First off, he had one of the more chaotic romances in literary history (which is not exactly known for its stable romances…a lot of them seem to end in gunfire) with Zelda Sayre.  Their relationship was the stuff of literary legend, filled with passion, drama, and enough public fights to fuel to make most current tabloid headline stars look like amateurs.  Zelda was Scott’s muse, partner-in-crime, and co-star in his escapades.  Together, they were the original celebrity couple, turning heads and bring The Ruckus wherever they went.  Zelda once interrupted a ballet performance, demanding to dance onstage.  Yeah, she was that kinda chick.

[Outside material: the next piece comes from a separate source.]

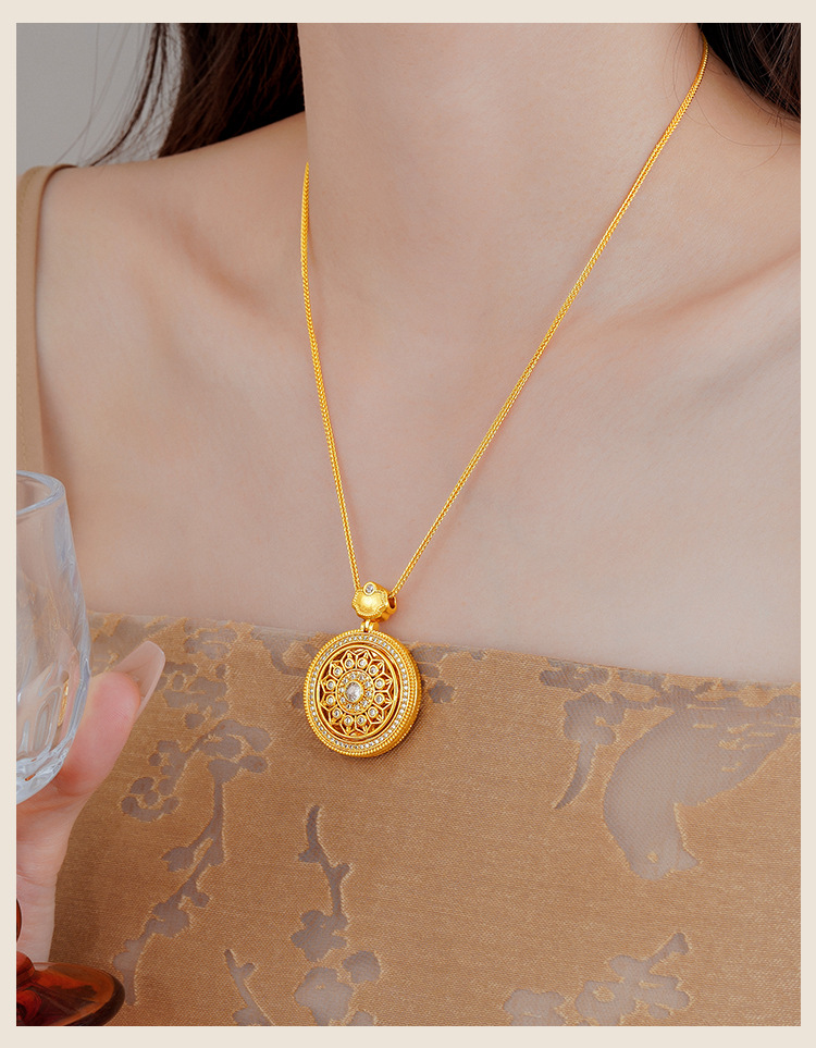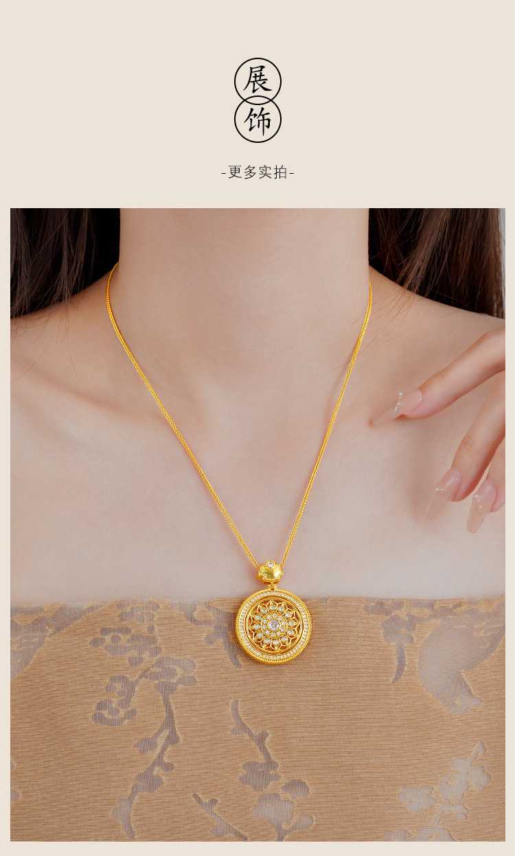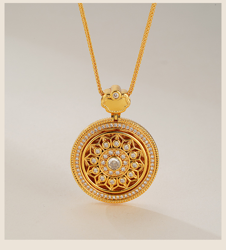 窗花可旋转八宝罗盘项链复古高级感精致时尚小众缕空编织绳饰品

Fitzgerald didn’t just write about the high life; he lived it with a passion that rivaled his characters.  He was known for his extravagant parties, where the only rule was that there were no rules.  Like an early (and far more tame) version of Diddy’s White Parties.  The couple would crash pool parties, dancing till dawn, and driving through the streets of Paris like they were in the 1920’s version of The Fast and the Furious.  Fitzgerald once jumped into the fountain at New York’s Plaza Hotel.  Because that’s what writers do, goddamnit.

Of course, as is usually the case, underneath the hard-partying persona was a writer of extraordinary depth and talent.  The Great Gatsby wasn’t just a novel…it was a mirror reflecting the rise and fall of the American Dream.  It wasn’t as well-received as it should have been when it was first published, it has since become a timeless classic exploring things like longing, wealth, and the pursuit of something more in a particularly American way.

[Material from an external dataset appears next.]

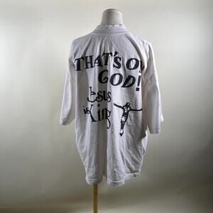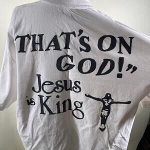 Kanye west Jesus is King church tee. Has light wear with yellowing on inside of collar and slight cracking on the bubble font shown in photos
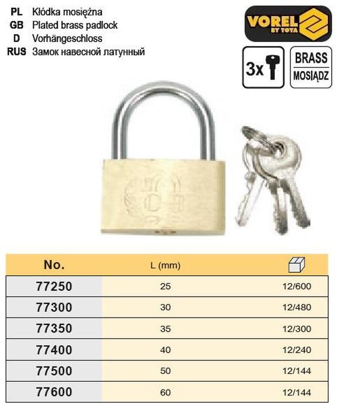 Замок навесной польша дуговой латунь l=40 мм vorel-77400

For all his success, Fitz’s life had plenty of struggle.  He was an alcoholic, which alcoholism often fueled his reckless behavior, and despite his fame, he seemed to be broke a lot of time.  He spent his final years in Hollywood, trying to break into the film industry.  But, as I have pointed out before, the artist thrives in conditions of adversity, and so even in adversity, Fitz penned some of his most poignant work.  Again, because that’s what writers do, goddammit.

Cheers, dear reader.

N.P.: “Move” – Prototyper

September 22, 2024

It is time for us to do what we have been doing and that time is every day.  ~ Kamala Harris

 

Hot damn, dear reader…today is the first day of Fall.  This fills my heart with joy.  If the seasons were a weekend, Fall would be my Friday: once you get through the first half, you can use the second half to go raise hell.  And once it ends, you’ve still got Saturday (Winter) and Sunday (Spring) yet to come.  It’s a great time of year on the Gallaway calendar.

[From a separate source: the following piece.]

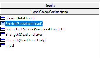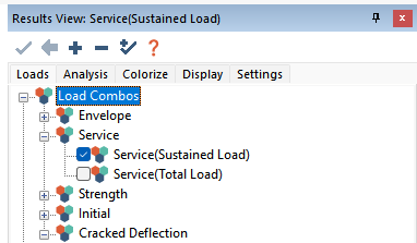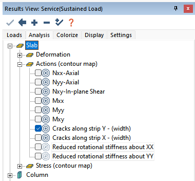 In the Results View panel click on the Load tab and select a service combination you want to view the crack widths for.

I’m also glad to see the arrival of Fall because this entire summer, I’ve been in a bit of a funk.

It was already pissing me off in May, and it’s only seemed to alleviate in the last week or so.  I think I’ve pinned down the cause(s), but that’s pretty irrelevant: the last few months have been a frustrating pain in the hole.

It’s put the writing a bit behind schedule, but if I keep having weeks like last week, I’ll be caught up in no time.  At our recent planning meeting, we got the everything scheduled for the next two years.  It is a rather audacious plan, admittedly, but if I can implement it effectively…it will be glorious, dear reader.  The next six weeks will be telling.  My plan is to just keep my head down and grind.


Things you should know about September 22: on this day in 1791, British physicist, chemist, and all-around badass Michael Faraday was born.  The first issue of National Geographic was published in 1888 (see Gen Zers, there used to be these things called magazines….).  September 22 was also the end of the Salem Witch Trials in 1692, with the last executions taking place on this day.